I knew somewhere in the back of mind that I had turned a corner from which it would be very hard to come back, but when you’ve got heroin it just doesn’t matter. Genesis stayed with me, coming back the following night with all of her belongings in four bags. She set up camp in the front room. It was great for the first few weeks; she brought me down to a storefront needle exchange on Cahuenga and Hollywood where you could buy 100 clean syringes for 10 dollars (or a donation of less if you were broke), and we hung out together getting high and fucking, but after a few weeks we were just getting high. She would take off for days at a time to work and would come back with a couple of hundred dollars, sometimes more, bitching about the way this one stank, or that one kept trying to stick it in her ass without lube. Everything was always OK though, when she was back at the apartment and had her drugs around her again.

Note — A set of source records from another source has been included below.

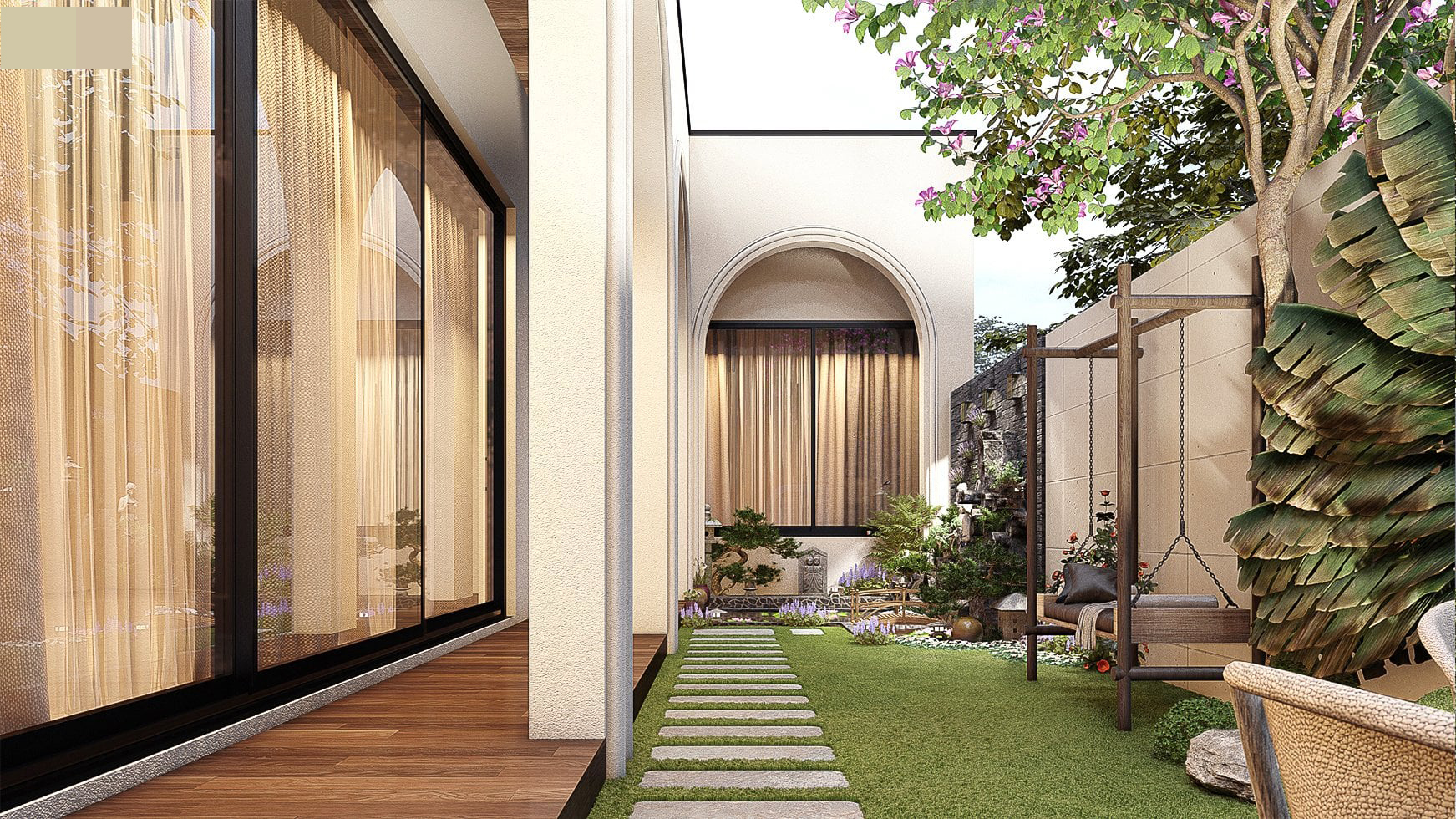 - Diện tích đất rộng: Dễ dàng bố trí nhà theo hình chữ L để tách biệt không gian sinh hoạt.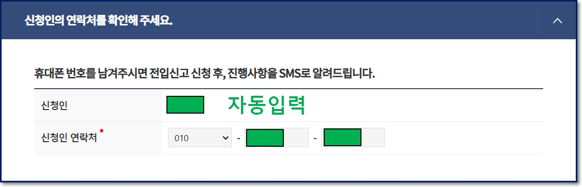 회원 로그인을 하고 신청을 한다면 아래의 녹색 블럭에 있는 부분은 자동으로 입력되어 나타납니다. 신청인의 성명과 휴대폰 번호만 확인하고 아래로 스크롤을 내리면 됩니다.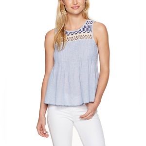 Lucky Brand Embroidered Pin-tuck Tank Top

The honeymoon lasted for a month or so, but I suppose it was fatally mismatched from the beginning because at the end of the day, she was a speed freak and I more naturally inclined towards heroin. I couldn’t take speed for more than a few days at a time, the nightmarish comedown and depression that followed coupled with the hallucinations caused by lack of sleep all eventually driving me crazy. I would get obsessive on it after the first 24 hours, repeatedly checking that the door was still locked, or that the cops were not outside … sometimes I would become convinced that ants were swarming over all of the white surfaces in kitchen, only for them to vanish when I reached out to touch them. As soon as I moved away, out of the corner of my eye, there the bastards where, swarming everywhere again.

Genesis frequently expressed a fear of doing too much heroin because she didn’t want to become strung out. I asked her what the big deal was, repeating what I had heard from Chris, that coming off of heroin was no worse than having the flu for a week. She asked me if I had ever stopped completely since I started all those months ago and I told her that I hadn’t. She nodded at this, as if to say, “Well, just you wait.” I would retaliate by asking her when the last time was that she went a week without shooting speed, and she would try and fail to remember. It had been a year at least. I then would nod, thinking “touché,” as I prepared a shot of heroin for myself.